Talking with these students, one begins to see how freedom shapes a person’s mind. One of the girls lives here in Bethlehem. She lives eight kilometers (five miles) from Jerusalem. The last time she was in Jerusalem was when she was five years old, fourteen years ago.
She has a father who holds a Phd. in Genetics, not a bad field of study these days. Unfortunately, there is no job to be had in the West Bank in Genetics, even the ability to teach Genetics, so he works for a bus company.
“I’m glad that the Israelis put up the wall. Even though it traps us in here, it makes it clear to the rest of the world what is going on here. We are trapped. And now the world can see it.”
“Being harassed, being trapped, affects your mind. Last summer I had the ability to go to Canada. It was the first time in my life that I was able to travel 4 hours and I was never stopped by the police or had to ask permission to go where I wanted. I didn’t know what to do. Eventually I learned, that I was allowed to want things. It completely changed the way I thought, the poetry I wrote, the way I saw the world. Now I live here, and I have been forced to put my mind back in the box. It is very difficult. The conditions they put on you can change the very way you think.”
I began to reflect on the way I think. I never think about limitations, I tend to think about possibilities. I respond to the injustices I see, because I have a history of seeing injustices overcome. I believe in peace, because I have seen how mutual collaboration has been beneficial to everyone, not just me. But these students, they have not been so fortunate.
I want to burst out of the walls that confine me, and launch into the mission of the Spirit like the Apostles did at Pentecost. I never want to be controlled by fear. I believe. And I do so, not because of belief in myself, but the belief I have in my heroes. Jesus, David, Ignatius, Francis, on and on. Heroes remind us that walls cannot contain the giftedness we are given in God. Pentecost is the breaking forth of that giftedness, that Holy Spirit.
I ask a question of the students. “Those of us working for peace and social justice have heroes that we like to name. I think of Mahatma Gandi, Nelson Mandela, Dorthy Day, and Dr. Martin Luther King. You are doing something very courageous be being here at Bethlehem University. Who would you say are your heroes?”

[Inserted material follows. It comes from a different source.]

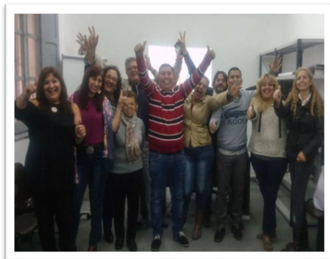
imagen personal, hasta llegar a un plan de acción individual, el cual fue expuesto por cada uno de los integrantes del grupo.

A lo largo de 20 horas, los profesores Ana Climent y Gonzalo Acosta fueron formando a los alumnos con dinámicas grupales donde se trabajó la autoestima, la comunicación, el liderazgo y la

“… I would say… we have no heroes. There is no one to whom we can look to find inspiration. If we are lucky, we look inside ourselves, but the Israelis occupy us even there.”
Happy Birthday to you!
Happy Birthday to you!
Happy Birthday dear ___________!
Happy Birthday to you!
Today, I visited the sites of great births in the Christian tradition. The birthplace of David (Bethlehem), Jesus (Bethlehem), and the Church (The Upper Room). At each of these birthplaces, I whispered a little prayer, “Be born in me a sense of justice. To be a voice for those who have no voice. To live by courage, and not by fear.”
Birth is never easy. The sacrifices to bear them were great. And for those of us who are allowed to think about them, all of our heroes were born. It stands to reason that the heroes of today, and the heroes of the future, must also be born.
The song above (Happy Birthday) is sung every time a friend of ours reaches the memory of his/her birthday. What do you put in the blank when you sing the song?
What I want to put in that blank is the word COURAGE. When we can celebrate the birthday of a life lived beyond the walls of FEAR, I think we will have something to celebrate in every human being. When that day comes, we will celebrate the many heroes that we can truly be for each other.
And maybe those in the West Bank will once again be allowed to have heroes.